**What you are asked to do:** Since only the words are wanted, reproduce every entry exactly and leave the images behind.

******************************

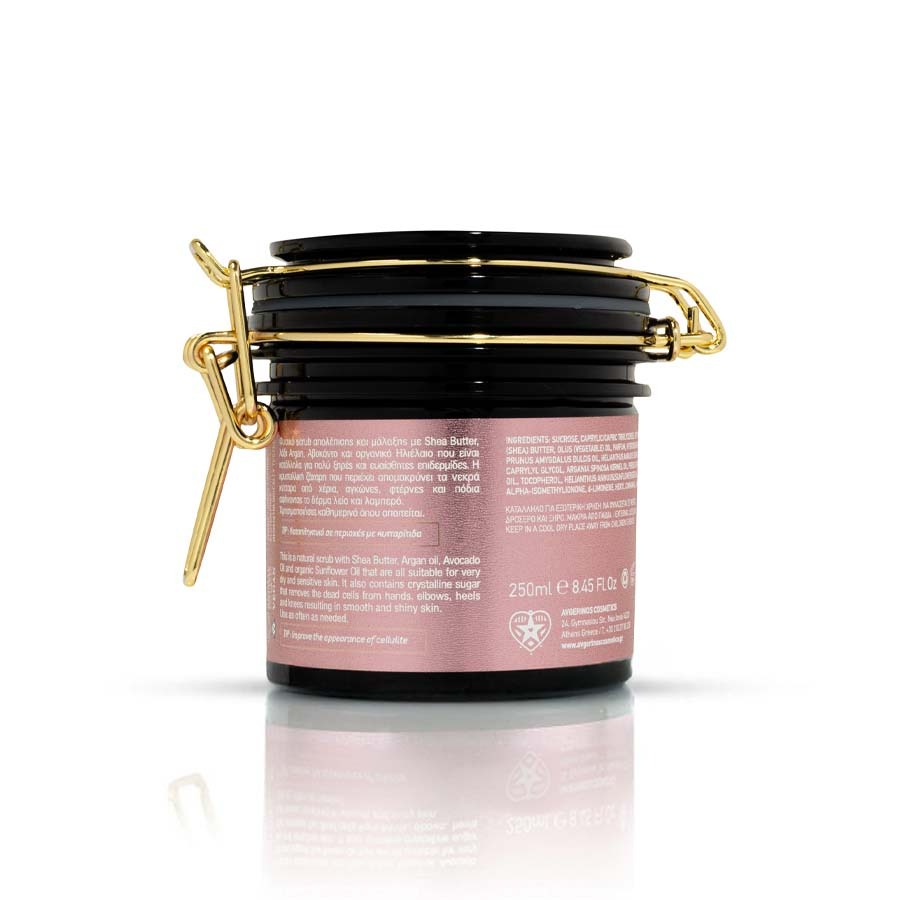 Προϊόν απολέπισης με κόκκους ζάχαρης, έλαια φυσικής προέλευσης, αντιοξειδωτικούς παράγοντες. Απομακρύνει τα νεκρά κύτταρα από την επιφάνεια και επαναφέρει άμεσα λεία και απαλή υφή στα σημεία του σώματος με έντονη ξηρότητα, στις φτέρνες, στους αγκώνες και στα γόνατα. Οι κυκλικές κινήσεις μασάζ την ώρα της εφαρμογής βελτιώνουν την κυκλοφορία και έχουν αποσυμφορητική δράση με αποτέλεσμα την αισθητή λείανση της κυτταρίτιδας και της όψης φλοιού του πορτοκαλιού.
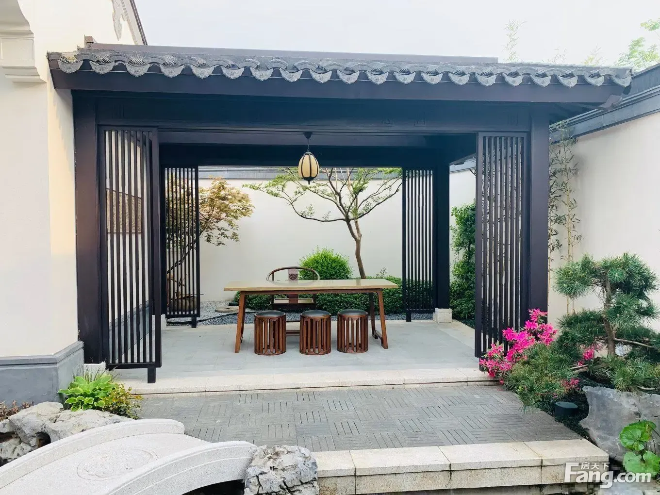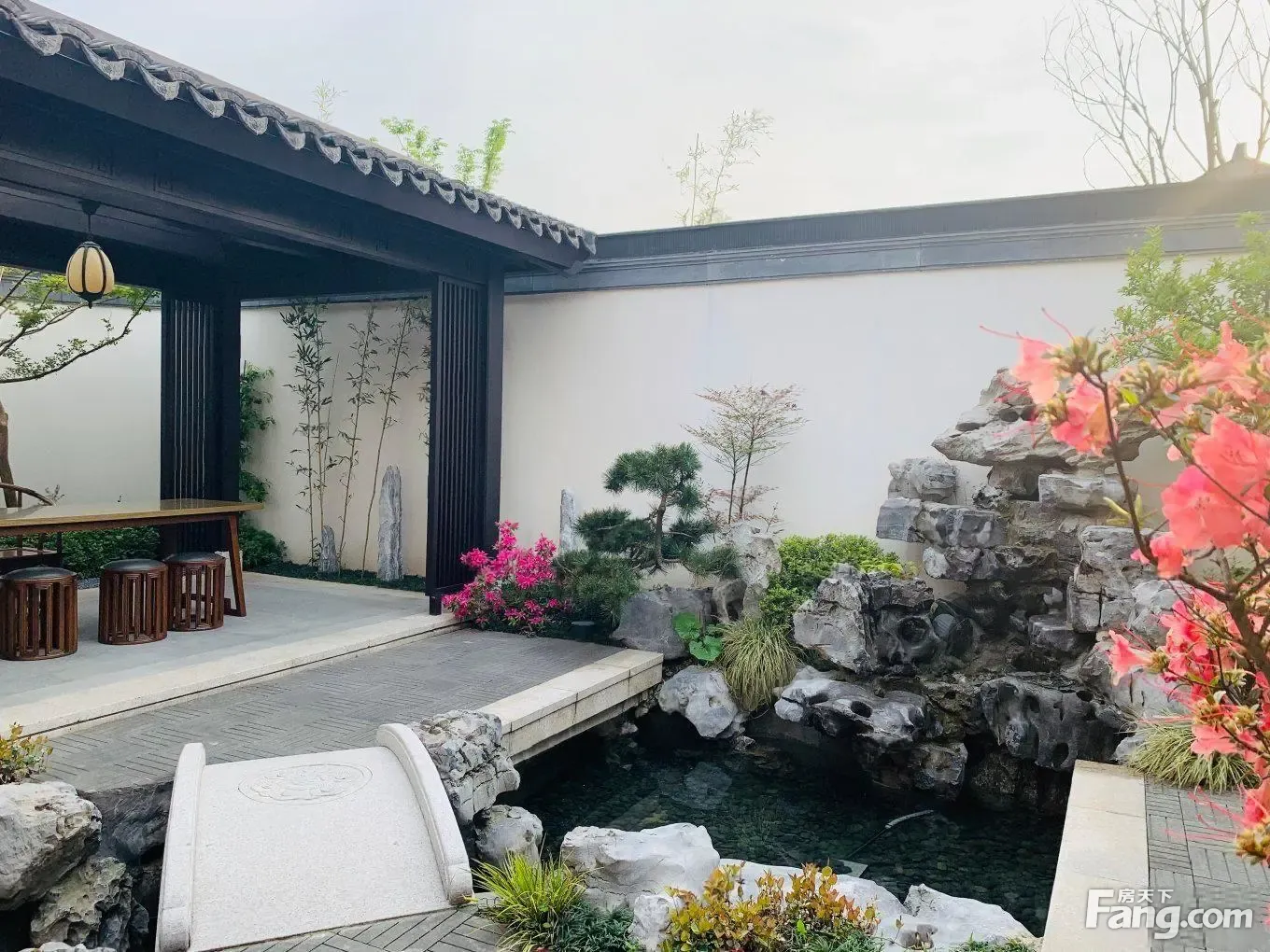 新上 桃李春风 小合院,豪装、做好了庭院水系景观
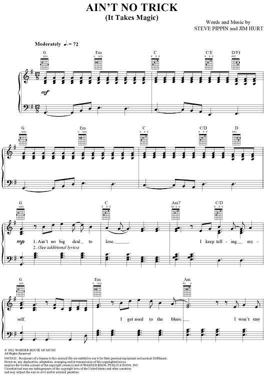 Digital Sheet Music for Ain't No Trick (It Takes Magic) by Jim Hurt, Lee Greenwood, Steve Pippin scored for Piano/Vocal/Chords; id:254612
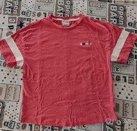 Maglietta girocollo a maniche corte, colore fucsia, dettagli a contrasto sulle maniche, logo sul petto. Tessuto morbido e leggerissimo 100% cotone BIOLOGICO.
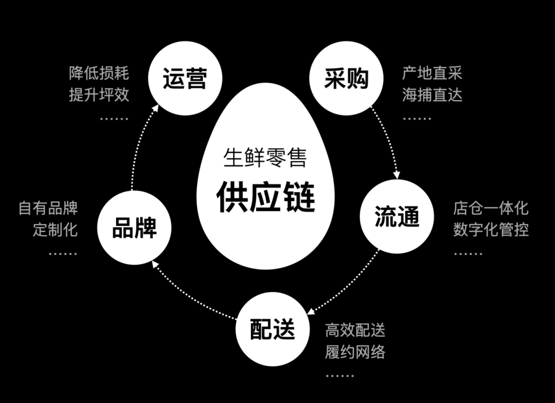 “1+N”之所谓能成为生鲜零售的“标准答案”,很大程度在于对供应链的把控——在成本、效率、和体验上,完成了对固有模式的升级换代,在零售三要素“人、货、场”层面,也都有所创新。
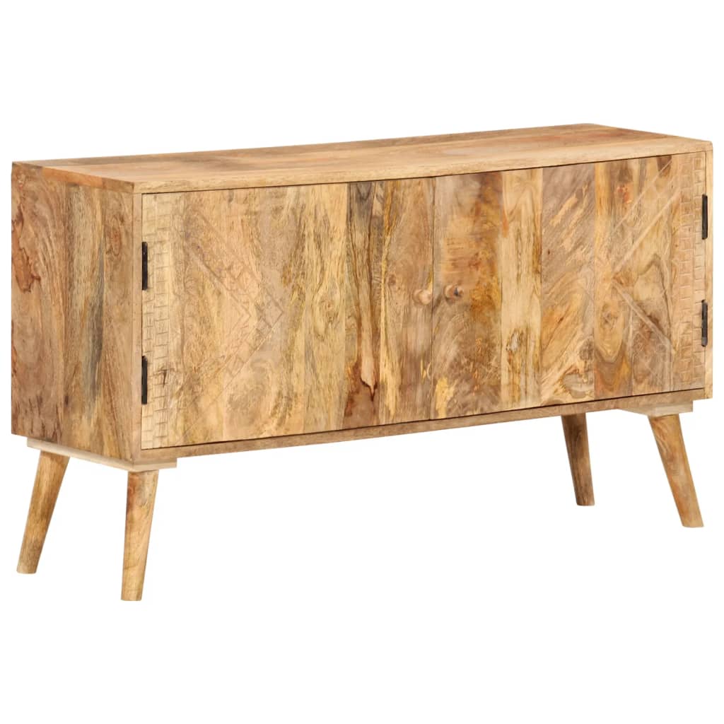 Tämä senkki on valmistettu kiinteästä mangopuusta, joten se on vakaa ja kestävä. Tukevalle pöytätasolle voi asettaa monenlaisia koriste-esineitä kuten maljakoita tai ruukkukasveja. Suuret kaapit tarjoavat runsaasti säilytystilaa, jotta voit pitää kaikenlaiset esineet järjestyksessä. Hienovaraisesti kaiverretut kuviot antavat senkille ainutlaatuisen ulkonäön. Rakentamisen jokainen työvaihe hiomisesta maalaukseen ja lakkaukseen on suoritettu erittäin huolellisesti. Kokoaminen on helppoa.
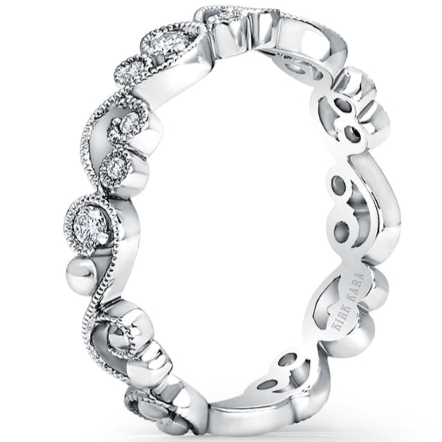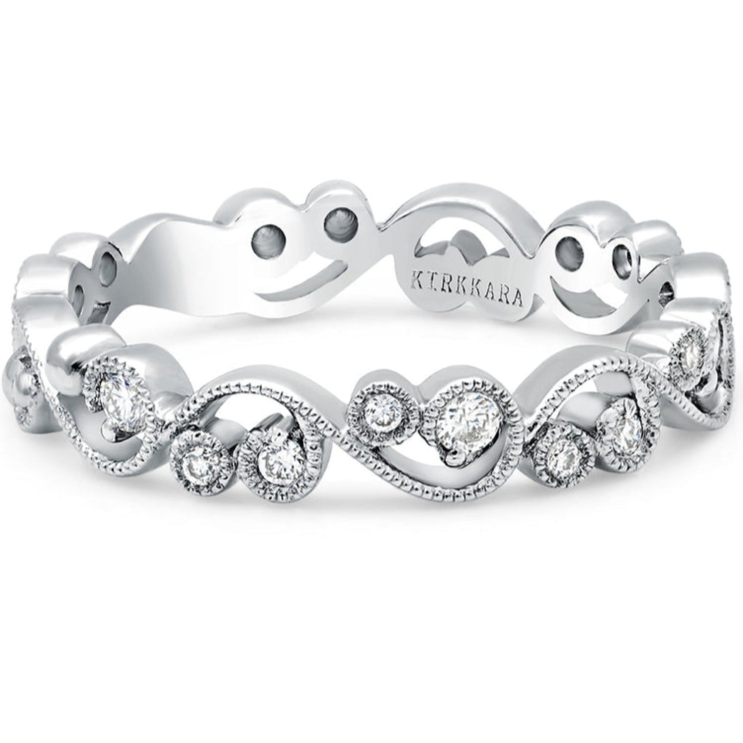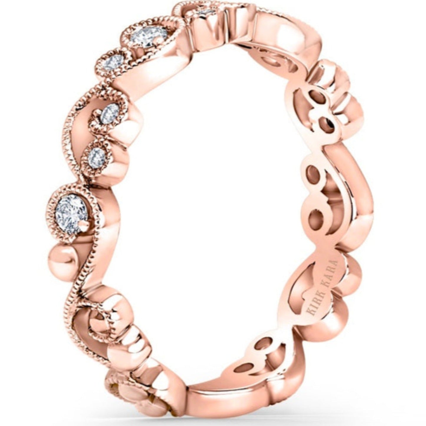 Vintage swirls of twisting and turning with diamonds intertwined in the delicate scrolls make this Kirk Kara wedding band an instant heirloom piece. The ring features 0.18 carats total weight round cut white brilliant diamonds and Kirk Kara's signature milgrain detailing.
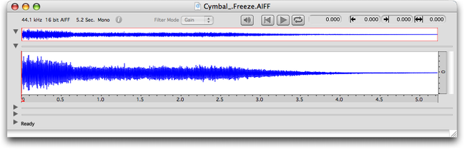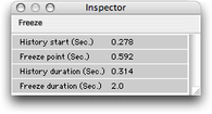 | “Freeze” : gel du son en un pointCe traitement s’applique en un point du son. Celui-ci se trouvera rallongé de la durée du “gel”. Ce n'est pas une simple lecture en boucle. En effet, ce “gel” s'appuie sur l'analyse de la portion du son qui précède le point d'application, portion du son appelée “History duration”. Il faut, au préalable, définir une sélection d'une partie du son de manière à ce que la fin de la sélection soit positionnée à l'endroit voulu du “gel”. Si vous ne le faites pas, le “gel” sera appliqué à la fin du son, avec toute la durée de celui-ci comme “historique” (“History duration”). Dans le menu “Treatments”, l'item “Add Freeze...” ouvre le panneau permettant de régler la durée du son “gelé”. • Panneau de réglage ![]() Panneau de réglage du “Freeze” • L’élément de piste La portion de son sur laquelle s'applique l'analyse pour ce “gel” est déterminée par la sélection (“History duration”). Ce “gel” s'applique à la fin de la sélection. En même temps apparaît sur une piste du séquenceur, le rectangle de même durée (“History duration”) portant l'icône correspondant au traitement (élément de piste). ![]() Freeze : élément de piste Le résultat : ![]() • Modification du traitement Pour modifier la durée du traitement, il faut réouvrir le panneau de réglage “Freeze” en double-cliquant sur l'élément de la piste. Pour modifier le traitement, il faut modifier la portion de son sur laquelle s'applique l'analyse pour ce “gel” est déterminée par la sélection (“History duration”). • L'inspecteur La palette “Inspector” permet de modifier les paramètres : point de départ de l'analyse (“History start”), endroit du gel (“Freeze point”), durée de l'analyse (“History duration”) et durée du gel (“Freeze duration”). ![]() • Autres modifications Vous pouvez déplacer temporellement ou bien dupliquer le rectangle (donc le traitement) sur la piste de la même manière que pour les autres éléments. # Attention : Redimensionner le rectangle change le traitement. La fonction “Replicate in Time...” (menu “Edit”) est active. La fonction “Invert” n'est pas active. Exemples sonores
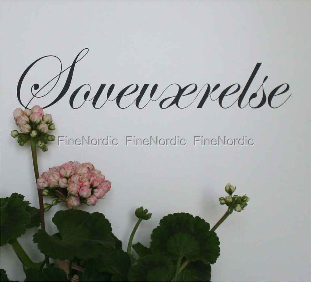 Entzückender Wallsticker / Wandtattoo mit dänischem Text "Soveværelse" (Schlafzimmer). So hübsch an der Schlafzimmertür oder in Schlafzimmer.
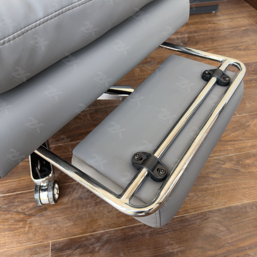 . Tựa lưng đệm mật độ cao . Ghế xoay 360 độ, Piston nâng hạ . Tay cầm khung thép, đệm tay êm ái. . Nâng khí Chrome. . Đế nhôm có bánh xe xoay. |
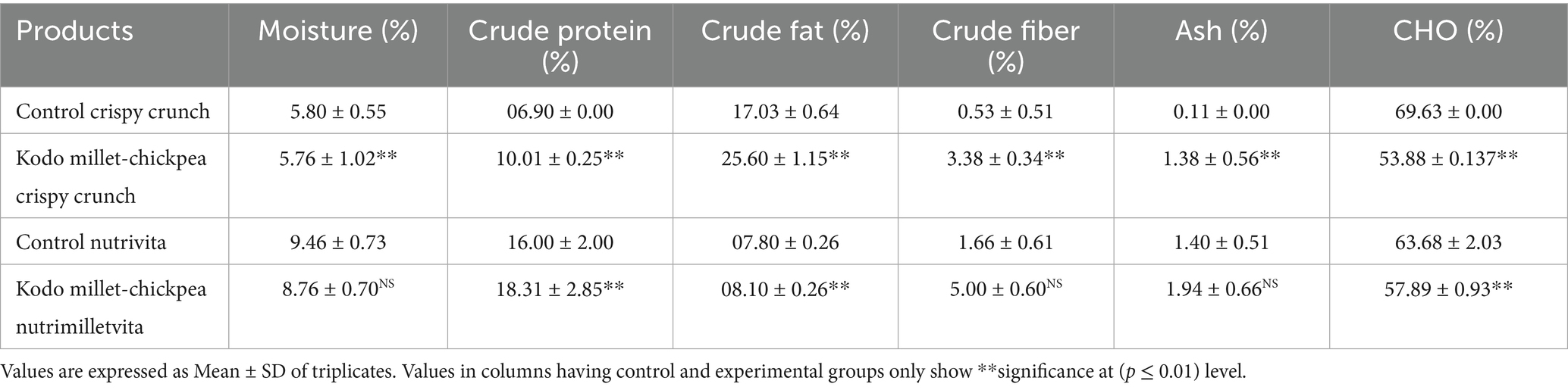 Consumer acceptability evaluation scale is a measure of using the Likert scale to determine the liking of consumers for food items in terms of their taste, texture, appearance, flavor, etc. In the current study, the developed products obtained scores comparable with their control counterparts, depicting the consumer’s acceptability toward this product. The low score of Kodo millet–chickpea can be due to the dark green color that the product attained after frying, which is clear from the scores for color (3.22), appearance (2.70), texture (3.70), taste (4.00), and flavor (2.70). Moreover, the product observed had higher fat and was commented as oily due to more fat absorption by the millet as it has higher fiber content (7.40 ± 0.39 g/100 g). Moreover, Kodo millet has high amylose content, which forms a porous structure and swells when cooked, allowing more fat to be absorbed. On the contrary, the developed nutrimilletvita obtained a significantly higher overall acceptability score of 4.70 as compared with the developed crispy crunch as well as the control nutrivita. This could be attributed to the addition of milk powder and cocoa powder along with millet powder, making an acceptable combination for consumption, particularly by school-going children. The consumers showed great satisfaction and liking for the developed Kodo millet–chickpea–based products, which is clear from the overall acceptability score. Evidence suggested that pearl millet-based dalia received higher acceptability scores compared with their control counterpart (45). Contrary to the present study, a study reported the reception of low organoleptic scores (3.1 to 3.7) of finger millet-based food products (46). The addition of chickpeas to the products in the current study might have improved the taste and overall consumer acceptability. The combination not only balances the flavor profile but also improves texture and nutritional quality, making the products more appealing and beneficial. Likewise, the addition of pulses was reported to improve the unique aroma and texture of millet-based foods (47, 48).
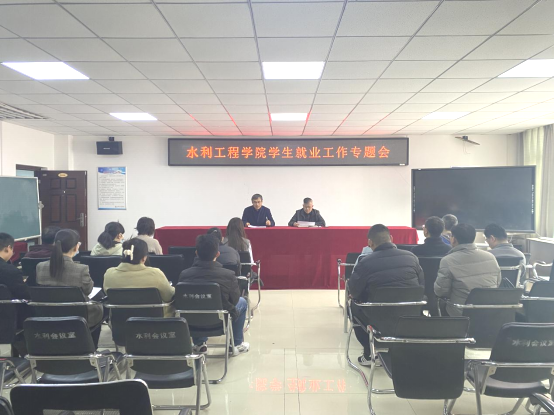 3月26日下午,水利工程学院学生就业工作专题会在5号实训楼5310举行,党总支书记王建设,副院长谭建领出席会议,学院校企办、毕业班班主任参加会议。会议由谭建领主持。

******************************

**Exercise output:**
 Προϊόν απολέπισης με κόκκους ζάχαρης, έλαια φυσικής προέλευσης, αντιοξειδωτικούς παράγοντες. Απομακρύνει τα νεκρά κύτταρα από την επιφάνεια και επαναφέρει άμεσα λεία και απαλή υφή στα σημεία του σώματος με έντονη ξηρότητα, στις φτέρνες, στους αγκώνες και στα γόνατα. Οι κυκλικές κινήσεις μασάζ την ώρα της εφαρμογής βελτιώνουν την κυκλοφορία και έχουν αποσυμφορητική δράση με αποτέλεσμα την αισθητή λείανση της κυτταρίτιδας και της όψης φλοιού του πορτοκαλιού.
 新上 桃李春风 小合院,豪装、做好了庭院水系景观
 Digital Sheet Music for Ain't No Trick (It Takes Magic) by Jim Hurt, Lee Greenwood, Steve Pippin scored for Piano/Vocal/Chords; id:254612
 Maglietta girocollo a maniche corte, colore fucsia, dettagli a contrasto sulle maniche, logo sul petto. Tessuto morbido e leggerissimo 100% cotone BIOLOGICO.
 “1+N”之所谓能成为生鲜零售的“标准答案”,很大程度在于对供应链的把控——在成本、效率、和体验上,完成了对固有模式的升级换代,在零售三要素“人、货、场”层面,也都有所创新。
 Tämä senkki on valmistettu kiinteästä mangopuusta, joten se on vakaa ja kestävä. Tukevalle pöytätasolle voi asettaa monenlaisia koriste-esineitä kuten maljakoita tai ruukkukasveja. Suuret kaapit tarjoavat runsaasti säilytystilaa, jotta voit pitää kaikenlaiset esineet järjestyksessä. Hienovaraisesti kaiverretut kuviot antavat senkille ainutlaatuisen ulkonäön. Rakentamisen jokainen työvaihe hiomisesta maalaukseen ja lakkaukseen on suoritettu erittäin huolellisesti. Kokoaminen on helppoa.
 Vintage swirls of twisting and turning with diamonds intertwined in the delicate scrolls make this Kirk Kara wedding band an instant heirloom piece. The ring features 0.18 carats total weight round cut white brilliant diamonds and Kirk Kara's signature milgrain detailing.
 | “Freeze” : gel du son en un pointCe traitement s’applique en un point du son. Celui-ci se trouvera rallongé de la durée du “gel”. Ce n'est pas une simple lecture en boucle. En effet, ce “gel” s'appuie sur l'analyse de la portion du son qui précède le point d'application, portion du son appelée “History duration”. Il faut, au préalable, définir une sélection d'une partie du son de manière à ce que la fin de la sélection soit positionnée à l'endroit voulu du “gel”. Si vous ne le faites pas, le “gel” sera appliqué à la fin du son, avec toute la durée de celui-ci comme “historique” (“History duration”). Dans le menu “Treatments”, l'item “Add Freeze...” ouvre le panneau permettant de régler la durée du son “gelé”. • Panneau de réglage ![]() Panneau de réglage du “Freeze” • L’élément de piste La portion de son sur laquelle s'applique l'analyse pour ce “gel” est déterminée par la sélection (“History duration”). Ce “gel” s'applique à la fin de la sélection. En même temps apparaît sur une piste du séquenceur, le rectangle de même durée (“History duration”) portant l'icône correspondant au traitement (élément de piste). ![]() Freeze : élément de piste Le résultat : ![]() • Modification du traitement Pour modifier la durée du traitement, il faut réouvrir le panneau de réglage “Freeze” en double-cliquant sur l'élément de la piste. Pour modifier le traitement, il faut modifier la portion de son sur laquelle s'applique l'analyse pour ce “gel” est déterminée par la sélection (“History duration”). • L'inspecteur La palette “Inspector” permet de modifier les paramètres : point de départ de l'analyse (“History start”), endroit du gel (“Freeze point”), durée de l'analyse (“History duration”) et durée du gel (“Freeze duration”). ![]() • Autres modifications Vous pouvez déplacer temporellement ou bien dupliquer le rectangle (donc le traitement) sur la piste de la même manière que pour les autres éléments. # Attention : Redimensionner le rectangle change le traitement. La fonction “Replicate in Time...” (menu “Edit”) est active. La fonction “Invert” n'est pas active. Exemples sonores
 Entzückender Wallsticker / Wandtattoo mit dänischem Text "Soveværelse" (Schlafzimmer). So hübsch an der Schlafzimmertür oder in Schlafzimmer.
 . Tựa lưng đệm mật độ cao . Ghế xoay 360 độ, Piston nâng hạ . Tay cầm khung thép, đệm tay êm ái. . Nâng khí Chrome. . Đế nhôm có bánh xe xoay. |
 Consumer acceptability evaluation scale is a measure of using the Likert scale to determine the liking of consumers for food items in terms of their taste, texture, appearance, flavor, etc. In the current study, the developed products obtained scores comparable with their control counterparts, depicting the consumer’s acceptability toward this product. The low score of Kodo millet–chickpea can be due to the dark green color that the product attained after frying, which is clear from the scores for color (3.22), appearance (2.70), texture (3.70), taste (4.00), and flavor (2.70). Moreover, the product observed had higher fat and was commented as oily due to more fat absorption by the millet as it has higher fiber content (7.40 ± 0.39 g/100 g). Moreover, Kodo millet has high amylose content, which forms a porous structure and swells when cooked, allowing more fat to be absorbed. On the contrary, the developed nutrimilletvita obtained a significantly higher overall acceptability score of 4.70 as compared with the developed crispy crunch as well as the control nutrivita. This could be attributed to the addition of milk powder and cocoa powder along with millet powder, making an acceptable combination for consumption, particularly by school-going children. The consumers showed great satisfaction and liking for the developed Kodo millet–chickpea–based products, which is clear from the overall acceptability score. Evidence suggested that pearl millet-based dalia received higher acceptability scores compared with their control counterpart (45). Contrary to the present study, a study reported the reception of low organoleptic scores (3.1 to 3.7) of finger millet-based food products (46). The addition of chickpeas to the products in the current study might have improved the taste and overall consumer acceptability. The combination not only balances the flavor profile but also improves texture and nutritional quality, making the products more appealing and beneficial. Likewise, the addition of pulses was reported to improve the unique aroma and texture of millet-based foods (47, 48).
 3月26日下午,水利工程学院学生就业工作专题会在5号实训楼5310举行,党总支书记王建设,副院长谭建领出席会议,学院校企办、毕业班班主任参加会议。会议由谭建领主持。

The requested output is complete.